Question:
Let a variable of type double
be cast to a variable of type float
. If a double
variable stores a NaN
value, then it is converted to NaN
. If the double
variable stores the value Inf
, then it is converted to Inf
. If the double
variable stores the value -1e+50
, then it is converted to -Inf
.
Is this behavior guaranteed by the C++ standard, or is it IEEE 754 ? Or is it implementation-defined behavior , or is it generally undefined behavior and generally speaking, it is not worth counting on the fact that -1e+50
is converted to -Inf
?
Answer:
Strictly speaking, the standard does not define the dimensions of float
and double
, but in my answer I will assume that they are of different dimensions and represent 32 and 64 bit data types, respectively.
Because float
can hold numbers from ±1.18×10^(−38) to ±3.4×10^38 , and you try to store a double
variable whose value cannot be float
float
you get -inf
. You get undefined behavior. Therefore, you should not rely on -inf
.
My original answer, stating that you get undefined behavior, is incorrect. Undefined behavior is obtained if we try to put a number in a float
that cannot be represented in it. Here is how it is described in the standard:
C++14 standard [conv.double]
A prvalue of floating point type can be converted to a prvalue of another floating point type. If the source value can be exactly represented in the destination type, the result of the conversion is that exact representation. If the source value is between two adjacent destination values, the result of the conversion is an implementation-defined choice of either of those values. Otherwise, the behavior is undefined.

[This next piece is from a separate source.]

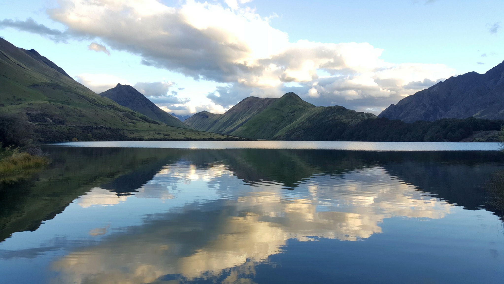 Mittlerweile ist schon Nachmittag und wir verlassen den See, um über einige Serpentinen den 200 Meter höher gelegenen Campingplatz am Moke Lake anzusteuern. Von hier aus sind es zwar noch immer knappe 2 Stunden Fahrt über Schotterpisten zum Eingang des Greenstone-Caples Track, aber die geplante erste Wanderetappe ist kurz und der Campingplatz am Moke Lake scheint es wert zu sein.

But this is all about the abstract implementation, and we have it quite specific (and this was my mistake – I tried on a specific implementation for an abstract description and made an erroneous conclusion). Since I made an assumption about the range of valid float
values, I took a specific implementation – IEEE 754. And since I took this implementation, then I need to start from it, and not from abstraction.
According to IEEE 754, infinity is part of the type, and therefore its maximum and minimum values are not its delimiters. It's just that everything that lies outside the allowable range is reduced to the desired value according to the rounding rules. So, according to this rule, if you try to represent -1e+50
in a float
, you get -INF
– this is a normal float
value and it is guaranteed when std::numeric_limits<float>::is_iec559
true
*. Those. we have this situation from the standard: "the source value is between two adjacent destination values, the result of the conversion is an implementation-defined choice of either of those values" .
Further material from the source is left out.